Concept in cost-benefit analysis

Total economic value (TEV) is a concept in cost–benefit analysis that refers to the value derived by people from a natural resource, a man-made heritage resource or an infrastructure system, compared to not having it. It appears in environmental economics as an aggregation of the (main function based) values provided by a given ecosystem.

==Value classification==
The value of an ecosystem can be distinguished as:

1. Use value — Can be split into Direct and Indirect use values:
  - Direct use value: Obtained through a removable product in nature (i.e., timber, fish, water).
  - Indirect use value: Obtained through a non-removable product in nature (i.e., sunset, waterfall).
2. Non-use value — Values for existence of the natural resource. For example, knowing that tigers are in the wild, even though you may never see them.
3. Option value: Placed on the potential future ability to use a resource even though it is not currently used and the likelihood of future use is very low.
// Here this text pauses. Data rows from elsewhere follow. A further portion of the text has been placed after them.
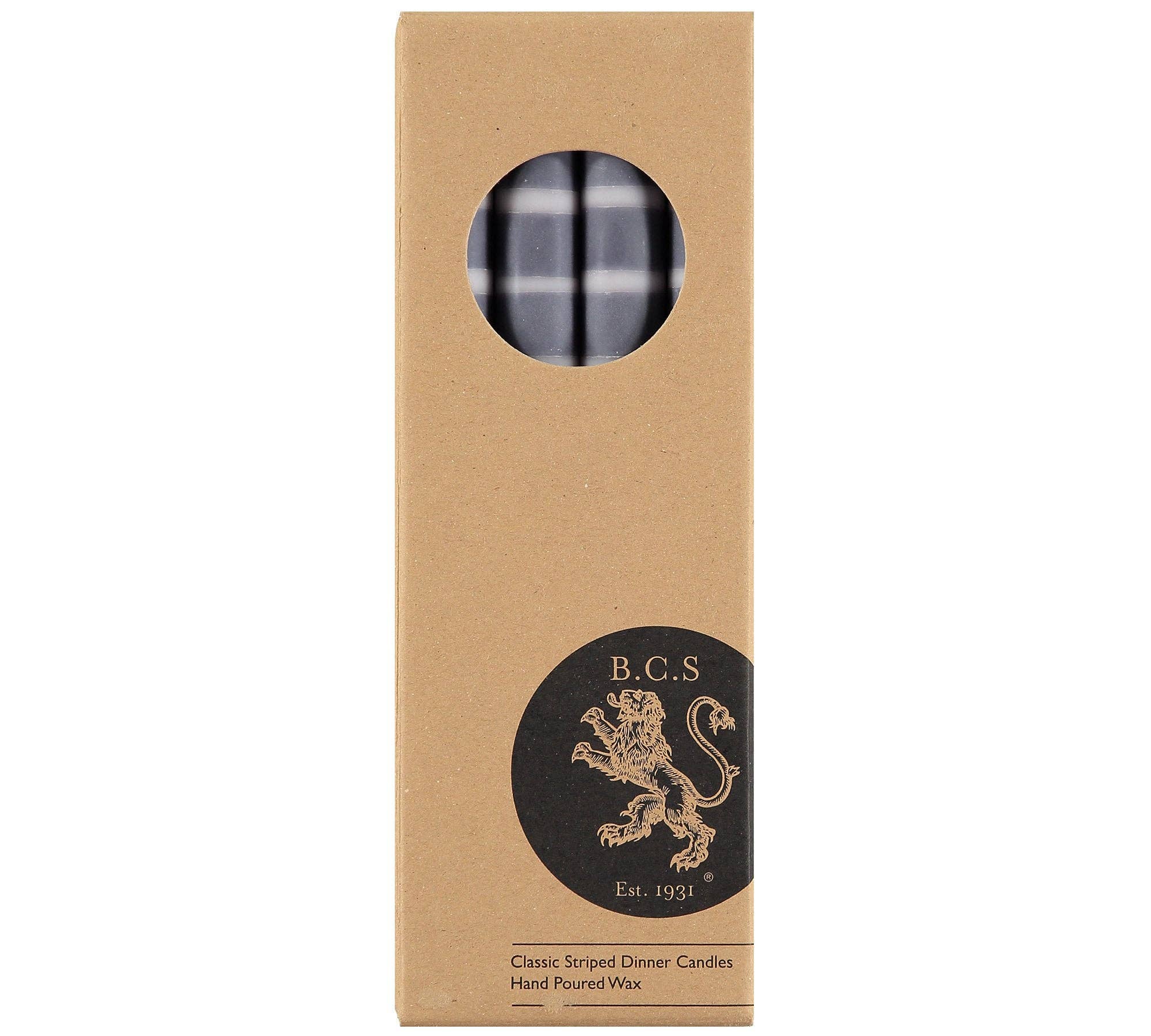 Striped Gull, Gunmetal Grey + Old Rose Eco Dinner Candles, Box of 4
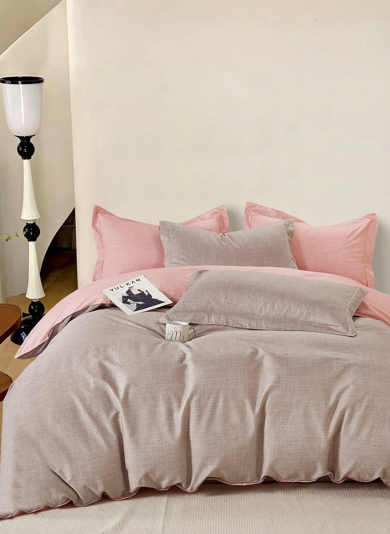 1.5-спальный, сатин, пододеяльник 150x210 см, простыня 150x225 см, наволочка 70x70 см, бежевый/розовый
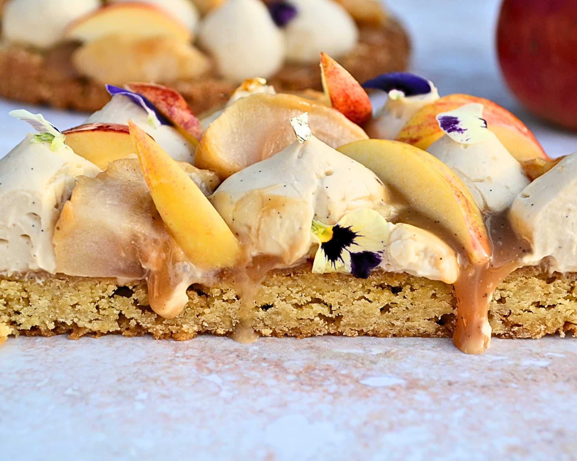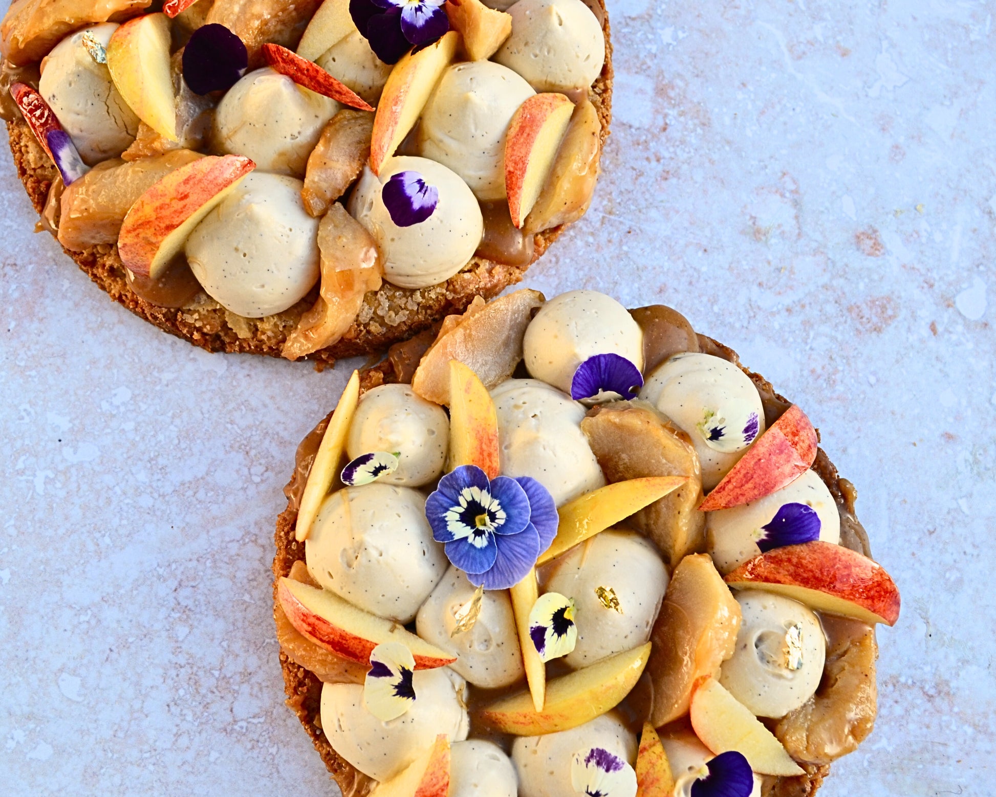 Sablé breton - pommes fondantes rôties au miel - crème légère infusée à la Vanille Bourbon de Madagascar - caramel au beurre salé
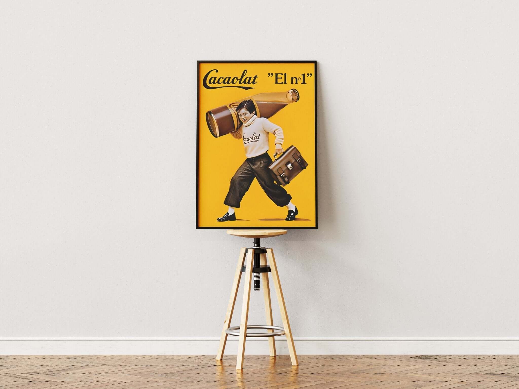 Denne charmerende vintage plakat reklamerer for den klassiske spanske kakaomælk Cacaolat med teksten "El nº1". Motivet forestiller et glad skolebarn med en stor Cacaolat-flaske over skulderen og en lædertaske i hånden – klar til en ny dag. Plakaten har en varm gul baggrund og et legende design, som emmer af nostalgi, glæde og retrocharme. Perfekt til at bringe farve og personlighed ind i køkkenet, børneværelset eller som en del af en retro-inspireret billedvæg. En skøn gaveidé til kakaoelskere eller fans af klassisk europæisk reklame.
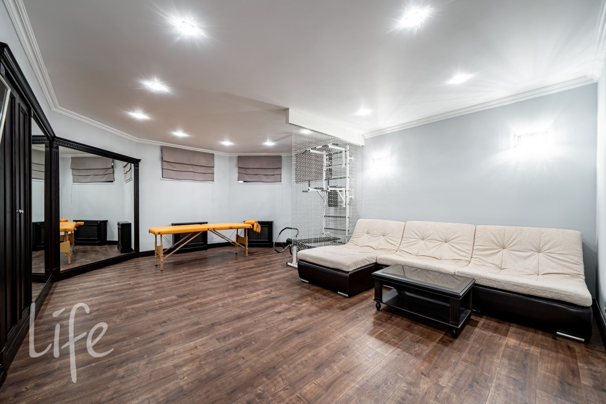 Цоколь: спортивный зал, спа: джакузи, сауна, с/у, душевая, кладовая,
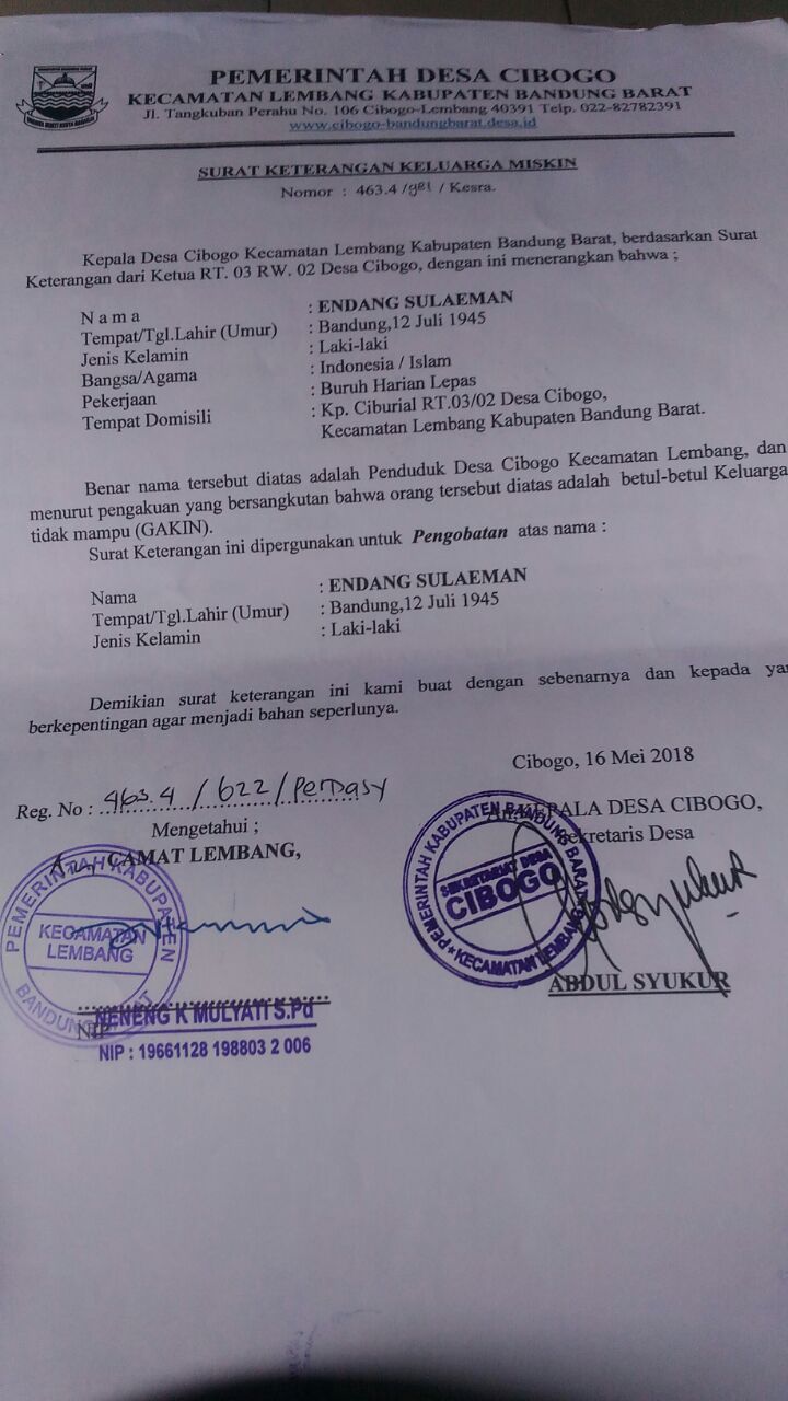 Bapak Endang saat ini bekerja hanya sebagai buruh usaha jual beli sayuran, membeli dari kebun dan menjual ke pangepakan untuk dikirim ke hotel atau supermarket. Keadaan ini lah yang menyebabkan pak Endang tidak mampu membayar biaya pengobatannya.
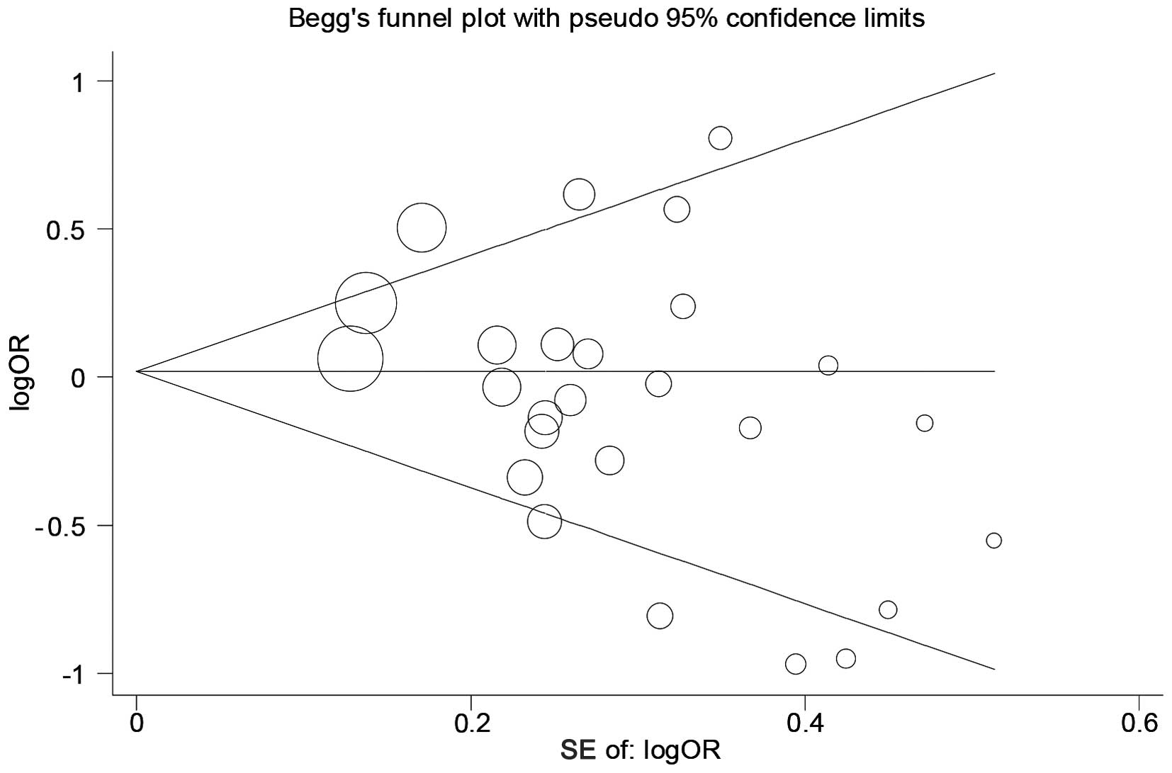 Begg and Mazumdar's adjusted rank correlation test and the Egger regression asymmetry test were each used to examine the publication bias, as well as funnel plots. The results revealed that no publication bias was observed in RsaI/PstI (Fig. 4) and DraI studies. Publication bias occurred in the studies of RsaI/PstI [Egger's test: P=0.033 in the dominant model (C1C2 + C2C2, vs. C1C1)], while no publication bias was observed in the DraI studies.
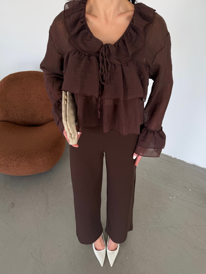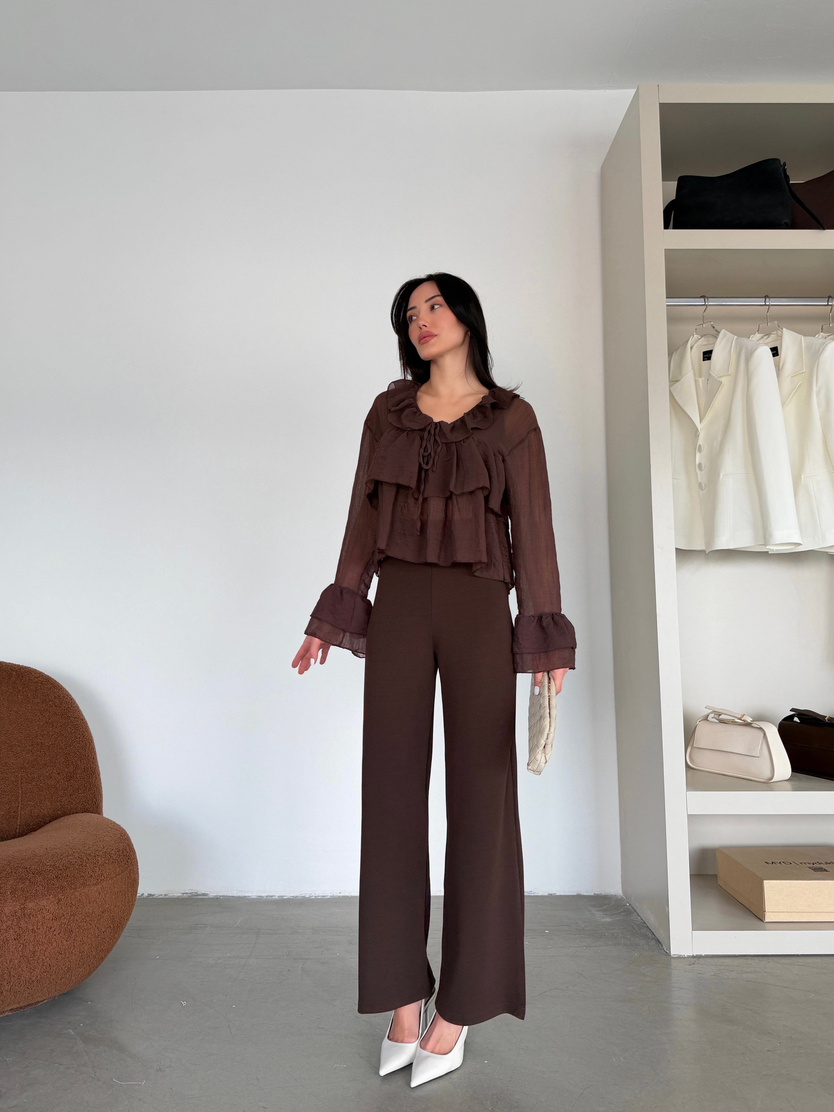 Fırfır Detaylı Bluz - Kahve (MD4406_Kahve)
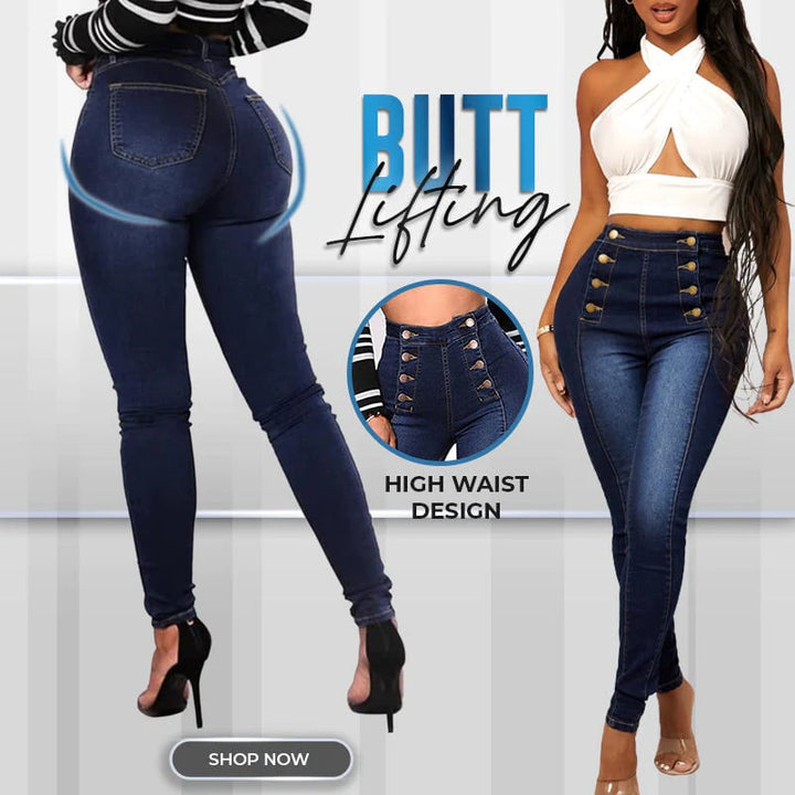šŸ’„Double Breasted High Waist Skinny Jeans
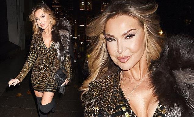 Lizzie Cundy sends temperatures soaring in a gold metal embellished mini dress and thigh-high boots while attending a Balmain fashion show
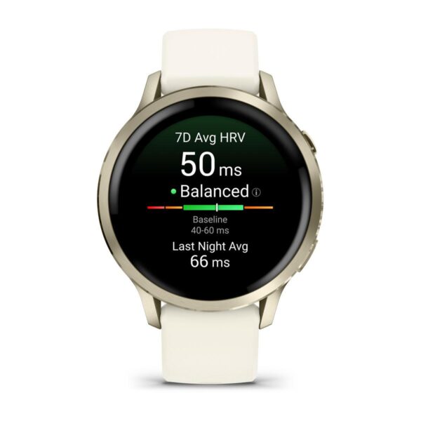 Venu 4 | 3.05 cm (1.2″) | AMOLED | Display type Digital | Display resolution 390 x 390 pixels | Touchscreen Yes | Watch glass type Corning Gorilla Glass 3 | Flash memory 8 GB | Band material Silicone | Shape Round | Market positioning Smartwatch | Watch case size 41 mm | Watch case colour Gold | Watch case material Polymer,Stainless steel | Heart rate monitor Yes | Wi-Fi Yes | Battery type Built-in battery | Battery technology Lithium-Ion (Li-Ion) | Battery life (max) 432 h | Battery life 10 day(s) | Weight 33 g
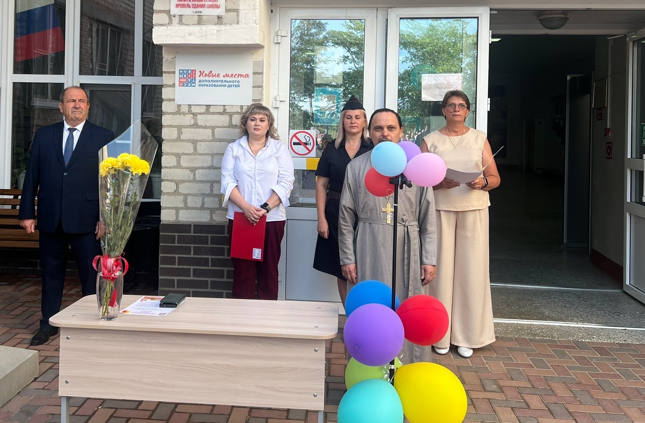 1 сентября, в День знаний, настоятель Ильинского храма г. Буденновска иерей Александр Тараскин посетил школьную линейку СОШ №1 г. Буденновска. Новый учебный год эта школа начала вместе с новым директором – Лабовской Викторией Александровной. Среди гостей мероприятия были гости из правительства Ставропольского края и администрации г. Буденновска. В своем слове отец Александр пожелал учителям, учащимся и новому директору школы успехов, здоровья и помощи Божией в учебном процессе.
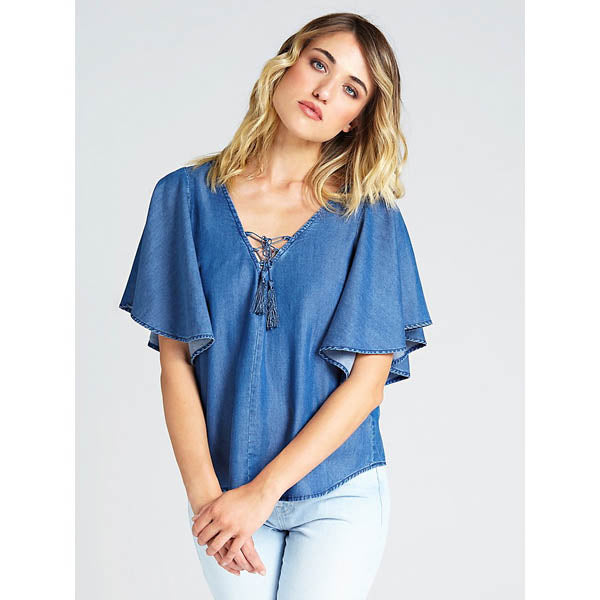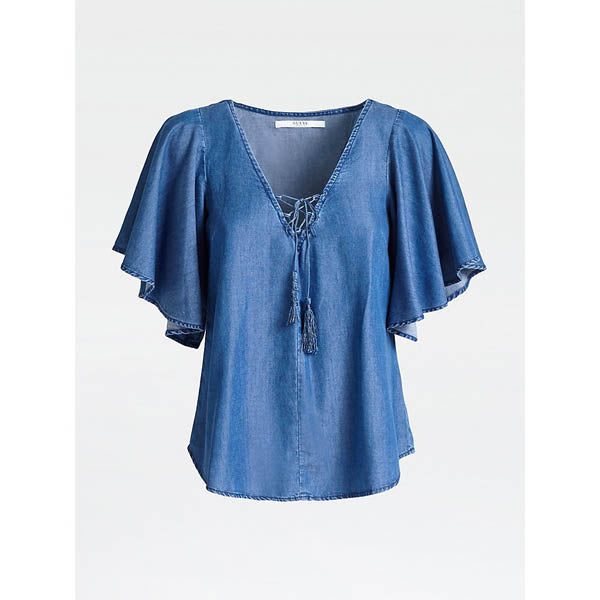 Le top Guess possède des manches chauve-souris, un décolleté profond avec un laçage corset et une base arrondie.
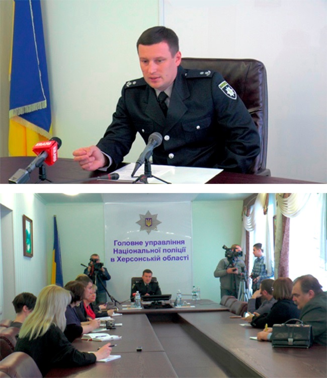 Очільник ГУ НП в Херсонській області Олександр Прокудін під час зустрічі з журналістами області

This reflects the willingness to preserve an option for potential future use.
4. Bequest value or existence value: Placed on a resource that will never be used by current individuals, derived from the value of satisfaction from preserving a natural environment or a historic environment (i.e., natural heritage or cultural heritage) for future generations.

Total economic value is the price of the customer's best alternative (the reference value) plus the economic value of whatever differentiates the offering from the alternative (the differentiation value).